[SOURCE RECORDS]

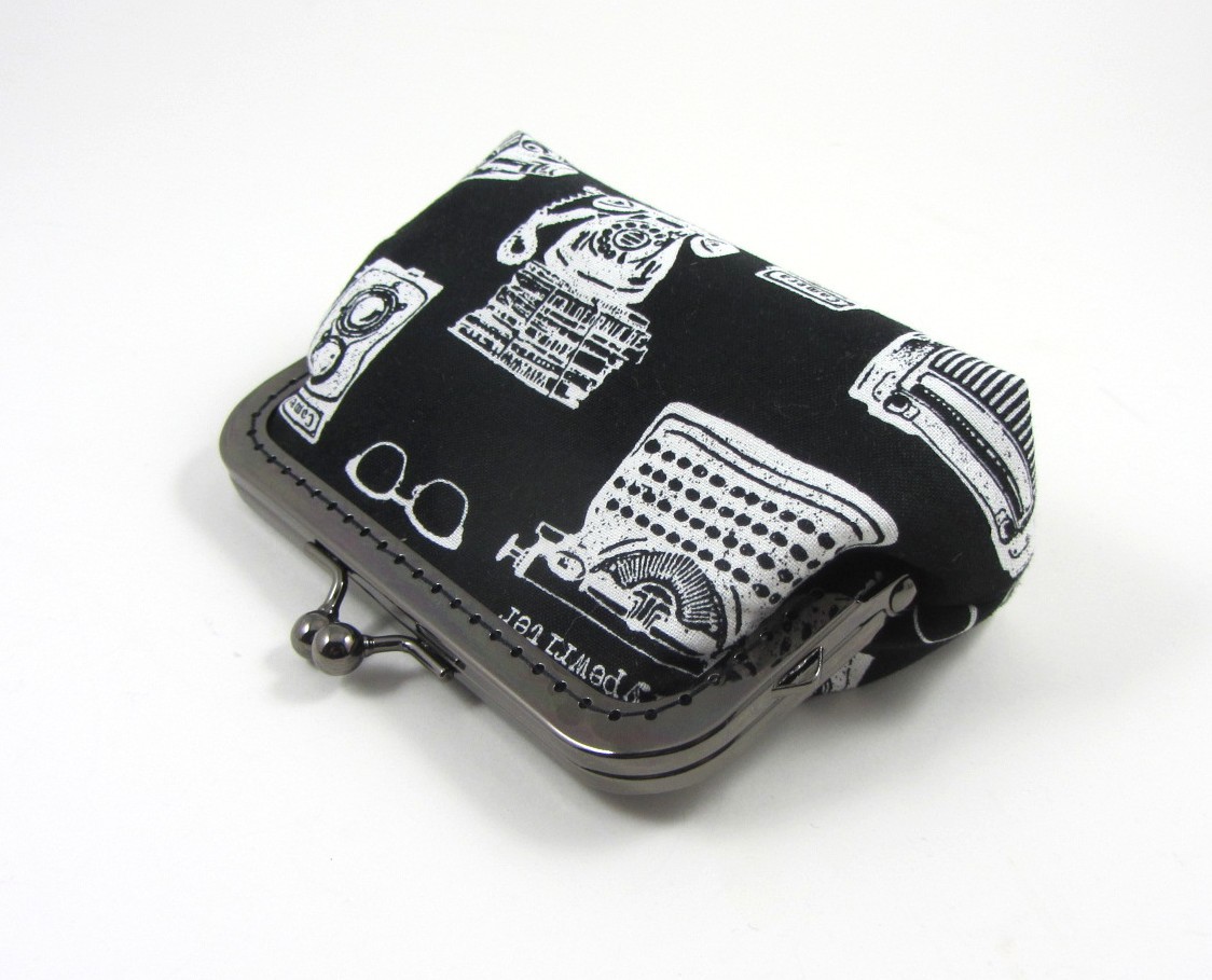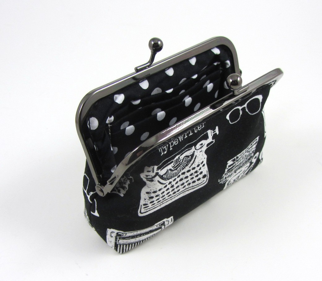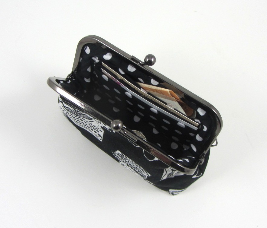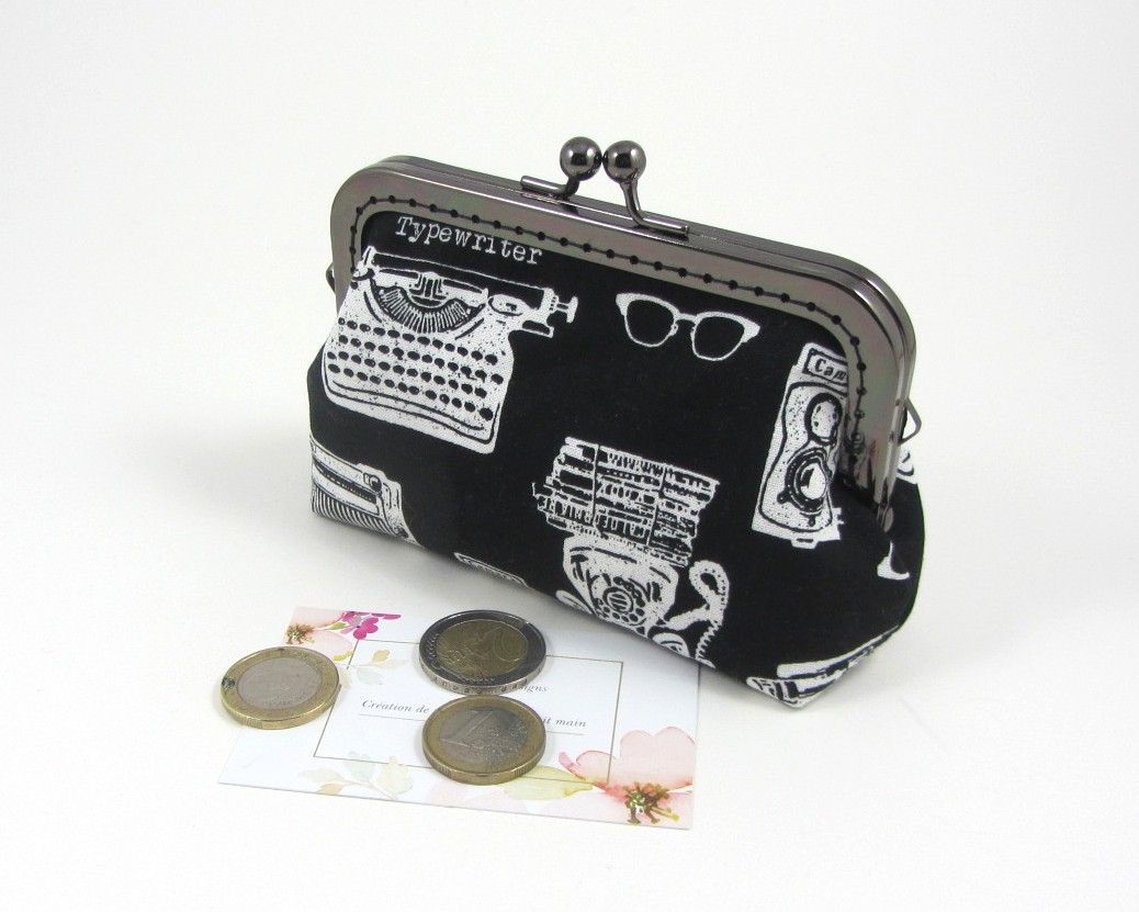 Porte-monnaie artisanal avec fermoir métallique noir, pratique grâce à ses compartiments pour cartes bancaires ou identité, il est compact et unique.
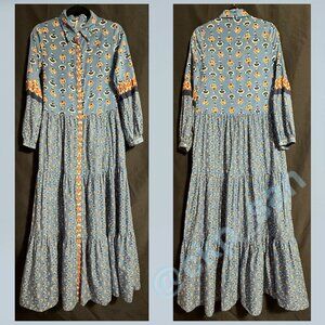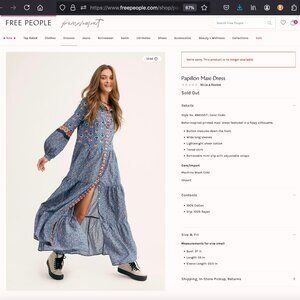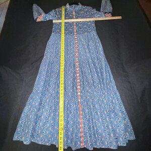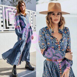 Beautiful Free People Papillion Dress in size Extra Small. Boho-inspired printed maxi dress featured in a flowy silhouette. Button closures down the front, wide long sleeves, lightweight sheer cotton, tiered skirt. The removable mini slip is missing, but the dress is not see through or transparent in any way. Excellent like new condition. Please see pictures for details, fabric content, condition & measurements, since they are part of the description. Sold out in stores. My prices reflect the rarity of my items and what I paid for them. Reasonable offer welcome.
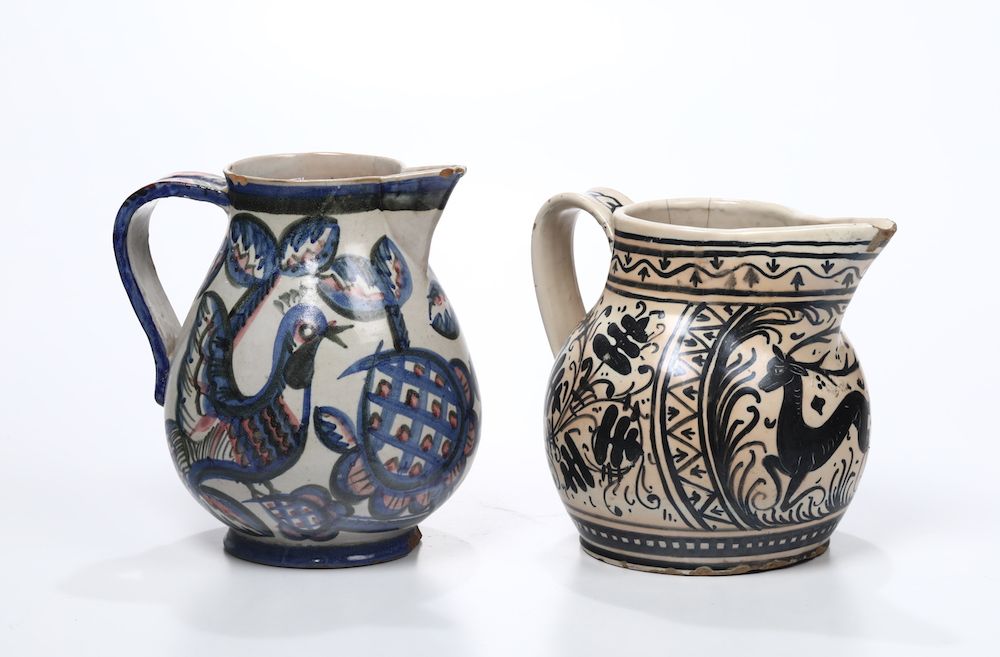 Due boccali monoansati, decoro di gusto neomedievale, Deruta anni '30
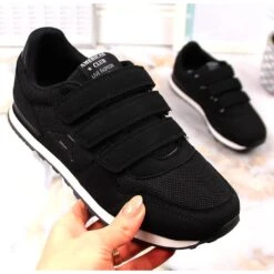 Chaussures De Sport Pour Enfants American Club 154/23 Noires Avec Velcro Le Noir
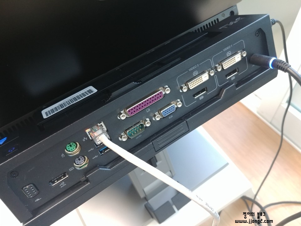 도킹스테이션 뒤에 인터넷선과 전원선을 연결해봤어요.
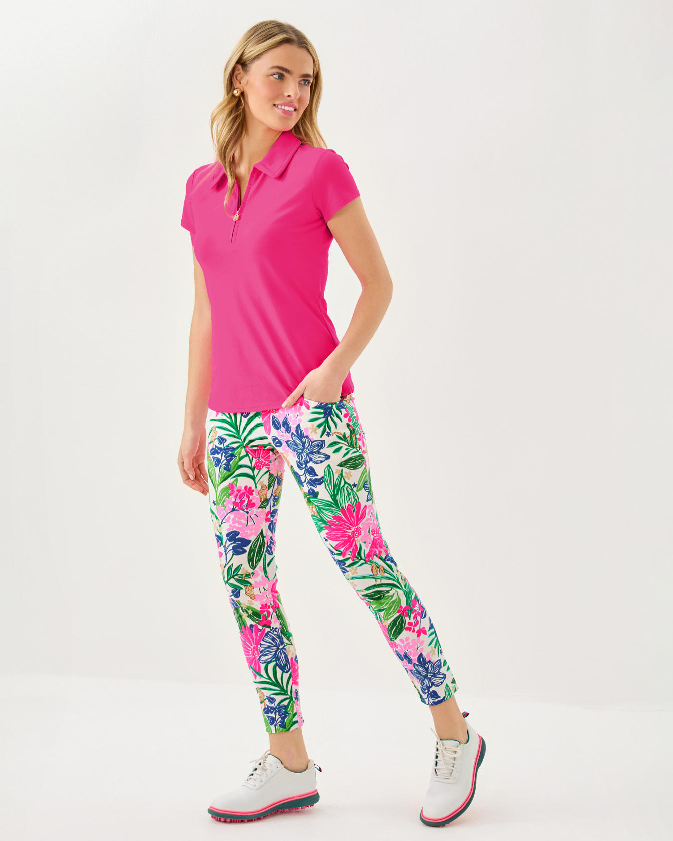 - UPF 50+ Luxletic® collared polo with a zipper detail. Moisture wicking.
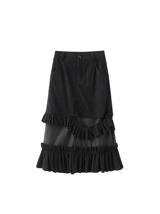 Corduroy Black Ruffle Elegant Hem with Deconstructed A-Line Skirt
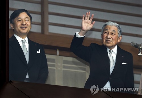 (FILE)A file photo dated 23 December 2018 shows Japan's Emperor Akihito (R), flanked by Crown Prince Naruhito (L), waves to well-wishers after delivering his speech marking his 85th birthday, last his birthday on the throne, at the Imperial Palace in Tokyo, Japan. Emperor Akihito will abdicate on 30 April 2019 and his son Naruhito will succeed on 01 May 2019. It will be the first abdication by Japanese emperor in about two centuries. EPA/KIMIMASA MAYAMA
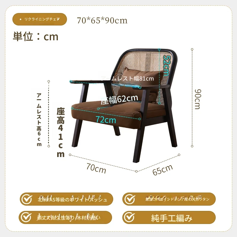 北欧風モダンデザインのラタン編みソファチェア - シンプルでスタイリッシュなリクライニング椅子、リビングやバルコニーに最適。天然木製の一人掛け、ホテルや民宿にもぴったり!
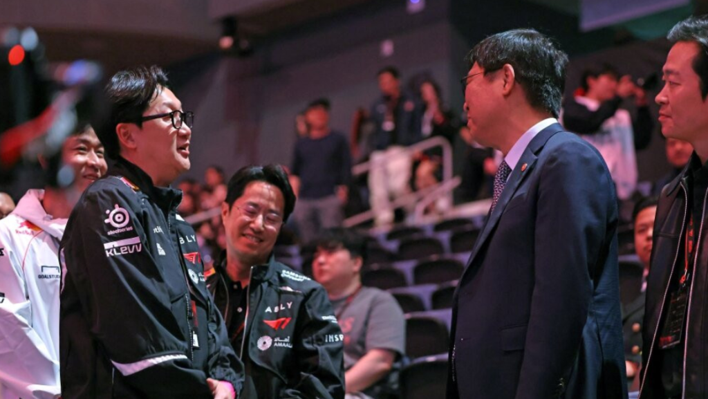 Acara ini juga didatangi tamu penting, yaitu Menteri Kebudayaan Korea Selatan, Choi Hwi-young. Beliau sempat ngobrol sama Faker dkk, bahkan dikasih jersey resmi T1. Pak Menteri bilang kalau pemerintah bakal terus dukung esports supaya jadi budaya keren yang bisa dinikmati semua orang dari anak muda sampai orang tua.
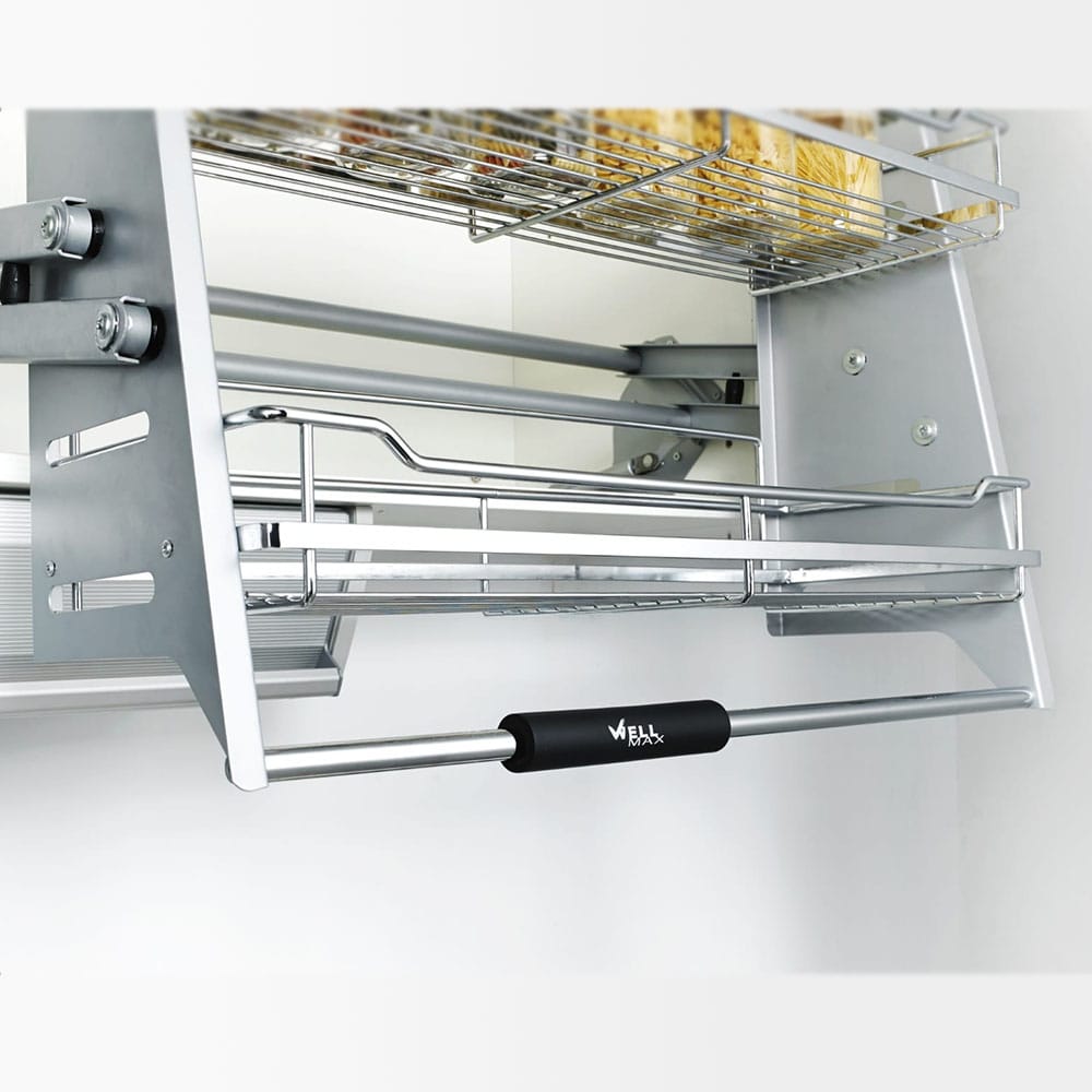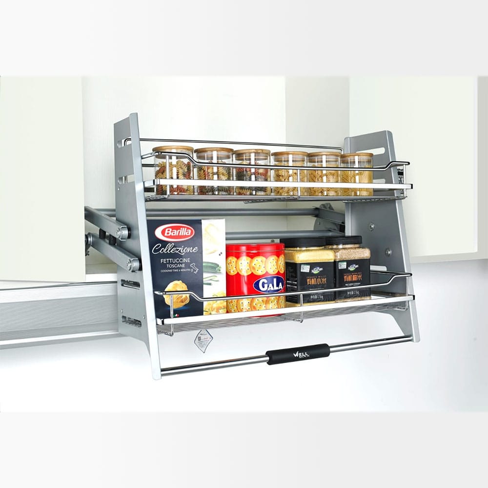 Pull Down Shelf offers a convenient adjustable design, making it easy to access and organize items in kitchen cabinets and cupboards.

[/SOURCE RECORDS]

### INSTRUCTIONS TO FOLLOW
Write out the material above without changing a word, and skip any picture.

### RESPONSE
 Porte-monnaie artisanal avec fermoir métallique noir, pratique grâce à ses compartiments pour cartes bancaires ou identité, il est compact et unique.
 Beautiful Free People Papillion Dress in size Extra Small. Boho-inspired printed maxi dress featured in a flowy silhouette. Button closures down the front, wide long sleeves, lightweight sheer cotton, tiered skirt. The removable mini slip is missing, but the dress is not see through or transparent in any way. Excellent like new condition. Please see pictures for details, fabric content, condition & measurements, since they are part of the description. Sold out in stores. My prices reflect the rarity of my items and what I paid for them. Reasonable offer welcome.
 Due boccali monoansati, decoro di gusto neomedievale, Deruta anni '30
 Chaussures De Sport Pour Enfants American Club 154/23 Noires Avec Velcro Le Noir
 도킹스테이션 뒤에 인터넷선과 전원선을 연결해봤어요.
 - UPF 50+ Luxletic® collared polo with a zipper detail. Moisture wicking.
 Corduroy Black Ruffle Elegant Hem with Deconstructed A-Line Skirt
 (FILE)A file photo dated 23 December 2018 shows Japan's Emperor Akihito (R), flanked by Crown Prince Naruhito (L), waves to well-wishers after delivering his speech marking his 85th birthday, last his birthday on the throne, at the Imperial Palace in Tokyo, Japan. Emperor Akihito will abdicate on 30 April 2019 and his son Naruhito will succeed on 01 May 2019. It will be the first abdication by Japanese emperor in about two centuries. EPA/KIMIMASA MAYAMA
 北欧風モダンデザインのラタン編みソファチェア - シンプルでスタイリッシュなリクライニング椅子、リビングやバルコニーに最適。天然木製の一人掛け、ホテルや民宿にもぴったり!
 Acara ini juga didatangi tamu penting, yaitu Menteri Kebudayaan Korea Selatan, Choi Hwi-young. Beliau sempat ngobrol sama Faker dkk, bahkan dikasih jersey resmi T1. Pak Menteri bilang kalau pemerintah bakal terus dukung esports supaya jadi budaya keren yang bisa dinikmati semua orang dari anak muda sampai orang tua.
 Pull Down Shelf offers a convenient adjustable design, making it easy to access and organize items in kitchen cabinets and cupboards.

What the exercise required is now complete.